Vector search is a massive pain in the ass. You've got millions of high-dimensional vectors from your ML models, and you need to find similar ones fast. PostgreSQL shits the bed at 100k vectors - pgvector query times go from 10ms to 30 seconds when you cross that threshold. Elasticsearch gets expensive real quick - we blew through $3k/month just indexing 50M embeddings. Most vector databases are just FAISS with marketing polish and a 10x price tag.
FAISS cuts through the bullshit. It's a C++ library from Meta's AI team that's been battle-tested on billion-vector datasets since 2017. Version 1.12.0 dropped in August 2023 with NVIDIA cuVS integration and fewer ways to accidentally kill your server.
What you actually get
Index Hell Made Simple
FAISS has 15+ index types because vector search is complicated. Want exact results? Use IndexFlatL2. Want speed? IndexIVFFlat. Want your 64GB RAM to actually fit 100M vectors? IndexPQ compresses them down 10-100x. Each index trades off speed, memory, and accuracy differently.
GPU Acceleration That Works
The CUDA implementation can hit thousands of queries per second on modern hardware. I've seen 5-20x speedups over CPU, assuming you survive the CUDA dependency hell.
Production-Ready Pain
FAISS handles the edge cases that kill other libraries. It works with billions of vectors, supports different distance metrics, and won't randomly crash when your dataset doesn't fit in memory.
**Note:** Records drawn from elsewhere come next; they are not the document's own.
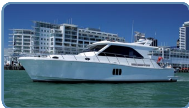
Activa 4800 Waterjet Express 52ft LOA 2010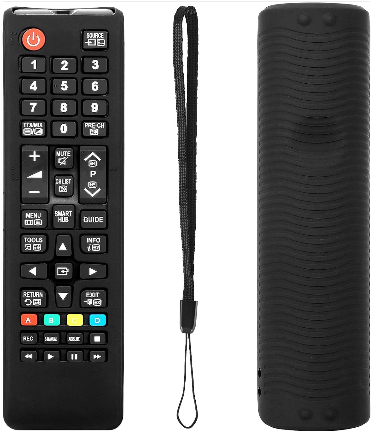
Figure 2: Contents of the UrbanX Universal Remote Control package.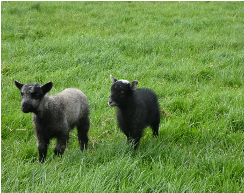
Spring lambs behind Springfields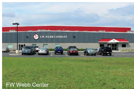
FW Webb Center

Springfield Smith & Wesson Industrial Park is home to the world headquarters of Smith & Wesson, Performance Food Group, and a brand new regional FW Webb Center, which opened in 2013 after a $6 million investment. The park has been developed by the Springfield Redevelopment Authority and includes one remaining developable parcel.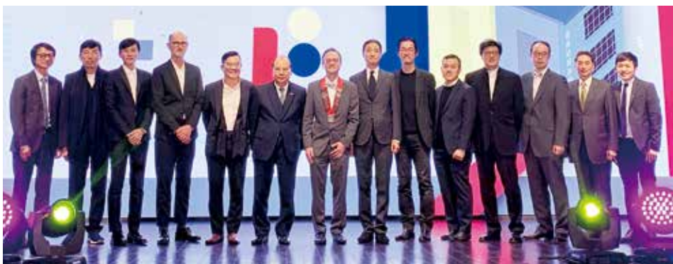
與政務司司長張建宗大紫荊勳賢合照 Group photo with HKSAR Chief Secretary for Administration Mr. Matthew Cheung Kin-chung, BGM.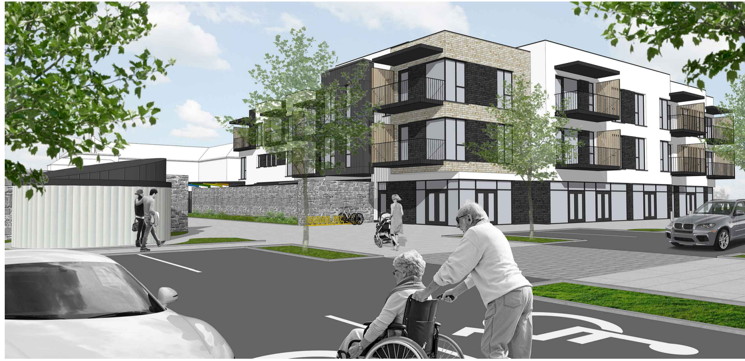
1 3D IMAGE 13 - SOUTH WEST VIEW - CRECHE & COMMUNITY FACILITY VIEW FROM SQUARE S1 1605 / n.t.s.

GENERAL NOTES: A. THIS DRAWING TO BE READ IN CONJUNCTION WITH ALL RELEVANT ARCHITECTURAL DRAWINGS THE SPECIFICATION AND ALL RELEVANT STANDARD DETAIL DRAWINGS. B. THIS DRAWING TO BE READ IN CONJUNCTION WITH ALL RELEVANT CIVIL, STRUCTURAL, MECHANICAL AND ELECTRICAL DRAWINGS TOGETHER WITH THE SPECIFICATIONS AND SCHEDULES. C. ALL DIMENSIONS IN MILLIMETERS. DO NOT SCALE FROM THIS DRAWING. USE FIGURED DIMENSIONS ONLY. D. CONTRACTOR MUST VERIFY ALL DIMENSIONS ON SITE BEFORE SETTING OUT COMMENCING WORK OR PRODUCING ANY SHOP DRAWINGS.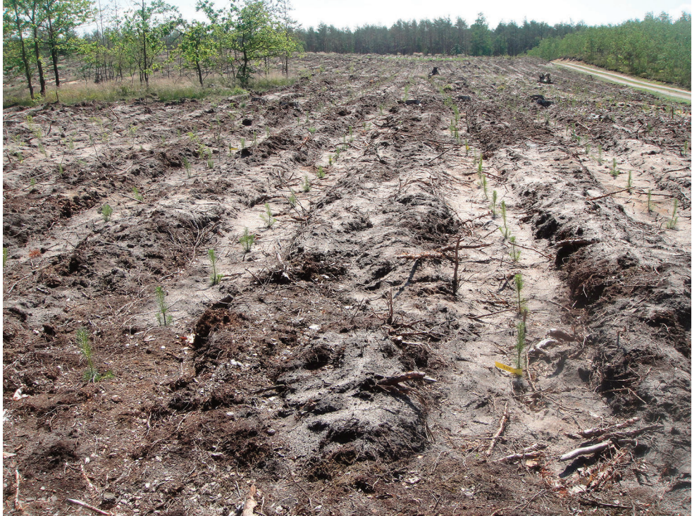
Photo 1. Typical Pinus sylvestris plantation in Poland.

Forests can be susceptible to insect attacks at all stages, and forest plantations newly established on clear-cuts left after harvesting of old stands facilitate the concentration of insects associated with specific stand ages ( Photo 1 ). In Poland, weevils (Coleoptera: Curculionidae) represent the most important group of pest insects of 1–5-year-old forest plantations established on clear-cuts [7–9]. The aim of this paper is to present the most important insect species damaging forest plantations and their management, including methods to estimate and reduce their numbers.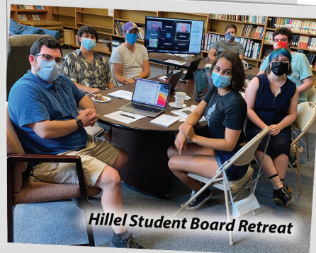
Hillel Student Board Retreat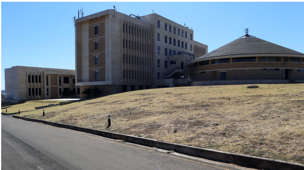
The new parliament building in Maseru Lesotho, September 2019.

China has established a direct presence in over fifteen African legislative institutions, through financing, constructing and maintaining parliament buildings. As highlighted earlier in the paper, the strategic importance of African parliaments has increased due to their multiparty membership and functional utility in national governance. However, China’s game-changing has been overlooked by most Africa-commentators, who see this as an undifferentiated part of China’s broader participation in infrastructure projects in Africa. China’s donation of parliament buildings has made it a key actor. It has fulfilled a need for purpose-built parliament buildings in African countries and managed to do so in a way that allows it long-term access to these facilities and, by extension, to the political representatives. The fact that China spatially organises the work of beneficiary African parliaments – an emerging aspect of China’s foreign aid - gives it high-level visibility in African political institutions. Added to this, the scale of the parliament buildings – landmark structures – has transformed the cityscapes, which gives prominence to the Chinese presence in these African states (see Fig 4).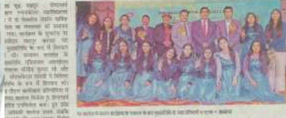
मालीबाल प्रतियोगिता में सत्यम कालेज विजेता

मालीबाल प्रतियोगिता में सत्यम कालेज विजेता। छात्रों ने एक बेहतरीन नृत्य प्रस्तुत किया।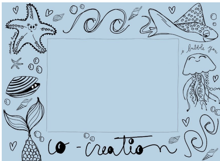
Figure 10 The cover of co-creation developed for the Ocean Incubator Network Project and adopted during the first two workshops. Illustration: Valentina Russo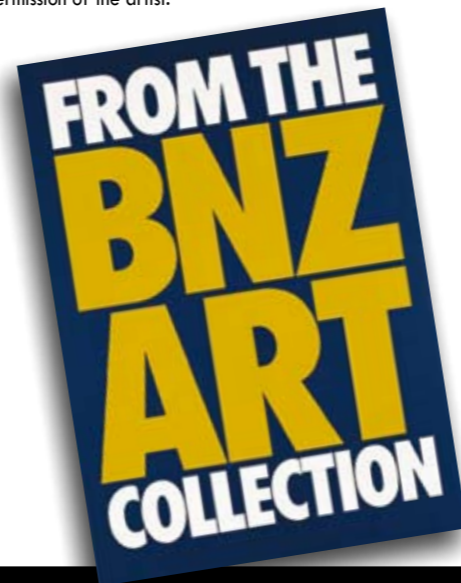
Image: Billy Apple From the BNZ Art Collection , 1988. Acrylic on canvas. Reproduced by permission of the artist.

Boom Time Art from the Bank of New Zealand Collection

Where FAISS Actually Gets Used
Image Search
When you upload a photo to find similar ones, that's probably FAISS under the hood. CNN embeddings go in, similar image IDs come out. Works great until someone uploads a corrupted JPEG and your entire index build shits itself with a cryptic std::bad_alloc
error at 3am. Pinterest and Instagram both use FAISS for image similarity - learned that the hard way when our Pinterest clone started OOMing on user uploads.
Text Embeddings
RAG systems use FAISS to find relevant documents. You embed your query with BERT or whatever, FAISS finds the closest document embeddings, and pray the LLM doesn't hallucinate some bullshit. LangChain integration makes this relatively painless - took me 2 hours instead of 2 days. Hugging Face Datasets includes FAISS support, which saved our asses when we needed to index Wikipedia.
Recommendation Engines
E-commerce sites embed user behavior and product features, then use FAISS to find similar users or products. The embeddings are usually garbage, but FAISS makes searching through garbage really fast. Spotify's recommendations and Netflix's personalization both rely on FAISS.
The Stuff No One Talks About
Content moderation, fraud detection, duplicate detection, anything where you need to find "things like this thing" in a giant dataset. Most similarity search is boring enterprise shit, not sexy AI demos. I spent 6 months building a duplicate product detector for e-commerce - FAISS found 2M duplicate listings in our catalog overnight.
The bottom line: if you're dealing with vectors at scale, you'll end up using FAISS whether you like it or not. Either directly (masochist route), or through one of the dozen vector databases that are just FAISS with a fancy REST API and monthly billing that'll bankrupt your startup.